I probably should have clarified that in the case of raws, I count as "middle" everything which is not on the border, that is not first or last raw. 

This caveat actually plays in the situation of the universe anthropic fine-tuning by many parameters. The number not-perfectly-fine-tuned universes is much larger than the set of fine-tuned ones. This means lower concentration of civilizations in space compared with "optimal universe". Seems to be solution of the Fermi paradox. 

Thank for the link.

Each reference class has its own end.

I initially read this as "you infer or choose reference classes based on what you want to predict", taking end to mean purpose of the reference class.  But you're talking end more literally, for reference classes that have a duration.  I think that's a little more suspect.  

The reference class problem seems to apply equally to SIA and SSA, and in fact to non-anthropic probability as well.  Categories are simply not natural things, and there is no "correct" reference class.

I actually meant "you infer or choose reference classes based on what you want to predict", but my point of interest was specific application of the problem, that is, Doomsday argument. 
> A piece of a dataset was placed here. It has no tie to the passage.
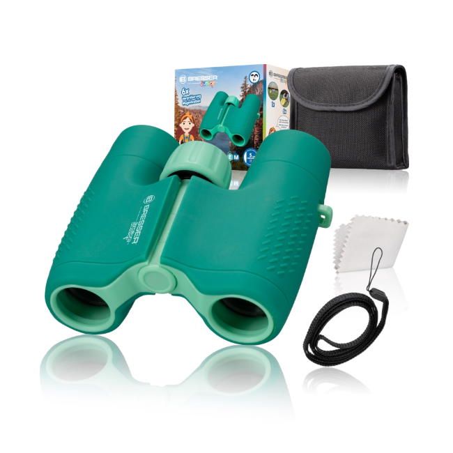 If your little one loves going on adventures, take a look at the BRESSER JUNIOR 6x21 children's binoculars. Choose your favourite colour and go off on your next adventure! Take a walk through the forest and watch deer, follow the path of birds through the sky, or be the first to find your friends during a game of hide-and-seek! Animals, plants, people - whatever you come across on your adventures will appear 6x bigger through these binoculars. The binoculars are specially designed for small hands, as they feature a rubber-coated surface that makes them easy to hold.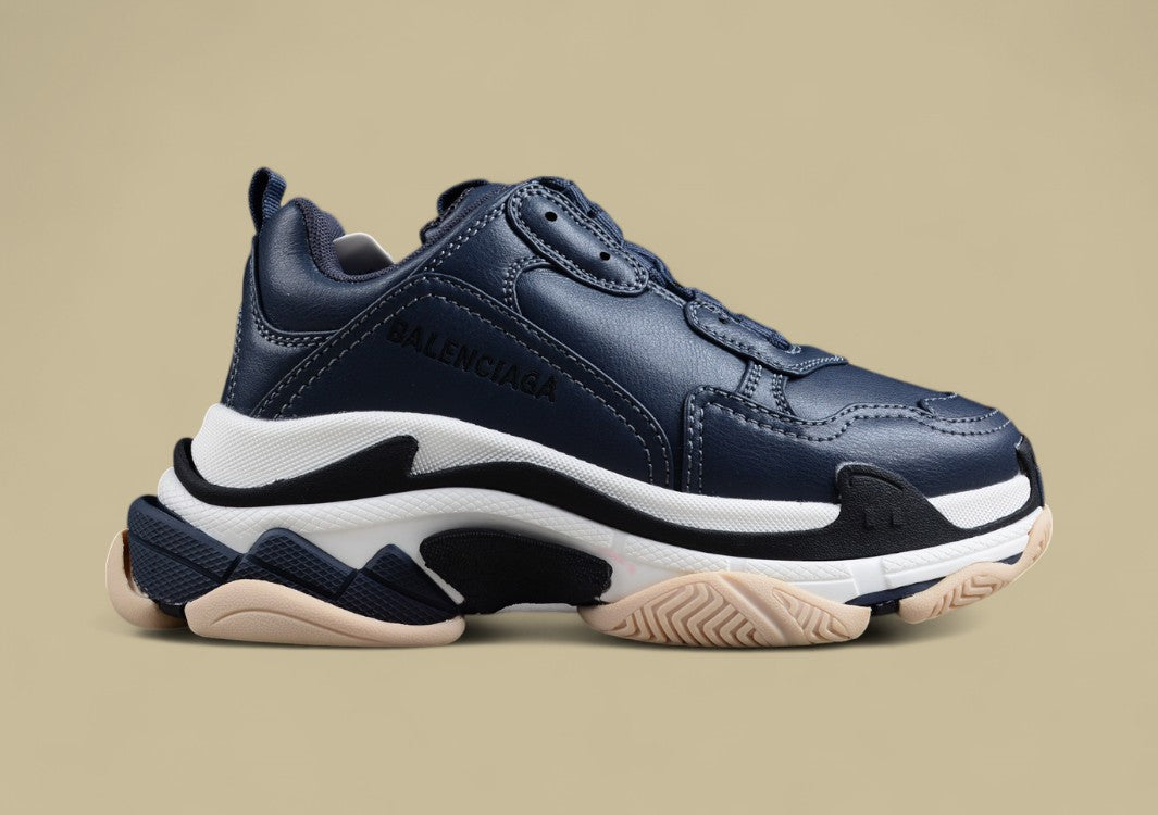 Balenciaga Triple S Sneaker in Navy mit markanter, mehrlagiger Sohle.Luxuriöser Streetstyle in einem eleganten Blauton.

If I am randomly put into a 2d grid of rooms, assuming that "random" means that I have an equal probability of ending up in any room, then shouldn't I be equally likely to end up in the border rooms as in the middle rooms?
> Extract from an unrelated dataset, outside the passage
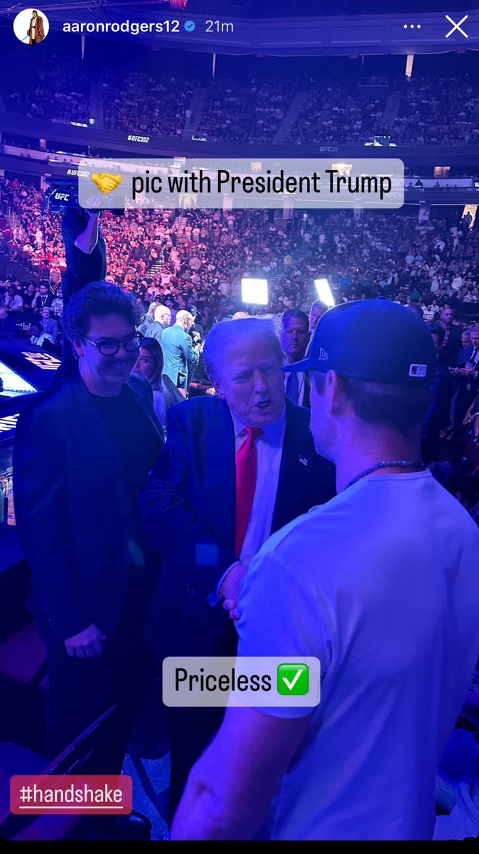 Jets QB @AaronRodgers12 posted a picture of him shaking President @realDonaldTrump’s hand last night at #UFC302 and called the experience “priceless.”

I mean by "middle" a large region of rooms which are not on borders, like between 20 and 80, not exactly room 50. Should clarify it in the post.

More likely actually*. The trick is people are using middle, to mean** 'middle rooms, or close to middle rooms', and are trying to riff off the central limit theorem or something.

*The actual probability depends on whether the grid has an even or odd number of columns/rows (and if it's big enough that the middle and the border are different).

1 2 3

4 5 6

8 9 0

Odd both ways, probability of having a border room is actually a lot larger.

1234

5678

9012

3456

The 'middle' is larger for an even number of columns and rows. But the border is still bigger than the center. The bigger it gets, the more this is the case.


**Above this is clarified to something very different: middle as any 'non-border room'.